In his book The Lord of the Flies, author William Golding tells the story of what happens when a group of British schoolboys are stranded on an uninhabited island, fighting for survival. These well-mannered young men become barbaric. Their circumstances bring to the surface the murder that was already in their hearts.
The Bible teaches us that the Las Vegas shooter, apart from grace, could have been you. Or me.
Life is Fragile and the Stakes Are Eternal
Massacres and cataclysms are reminders to humans to consider the fragility of life and where they stand with God.
In Luke 13, Jesus is asked about a tragedy that had occurred in his day. His followers were suggesting that when people die in some kind of random act, God is judging them for some kind of hidden sin. Jesus responded by saying, “Do you think that these Galileans were worse sinners than all the other Galileans, because they suffered in this way?”
And then he looked his audience in the eye and said, “No, I tell you; but unless you repent, you will all likewise perish.” (Luke 13:2-3).
No one knows when the day of death will come. But a day of death is ahead for all of us, unless Jesus returns while we are still alive.
And on that day, the greatest tragedy will be for those who have rejected God’s love, mercy, and grace in this life.
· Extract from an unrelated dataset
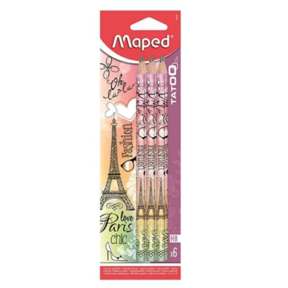 Kit 6 Lápis Grafite Tatoo Maped Hb Paris Pow Triangular

They will be cut off from his love, mercy, and grace for eternity.
Just as the carnage in Las Vegas should lead us to lament, so too should we lament that death can come to any of us at any time, and not everyone will be ready.
May that sober reality drive us to an urgent boldness in mission, recognizing that the “why” of evil may never be clear, but the hope of the gospel most certainly is.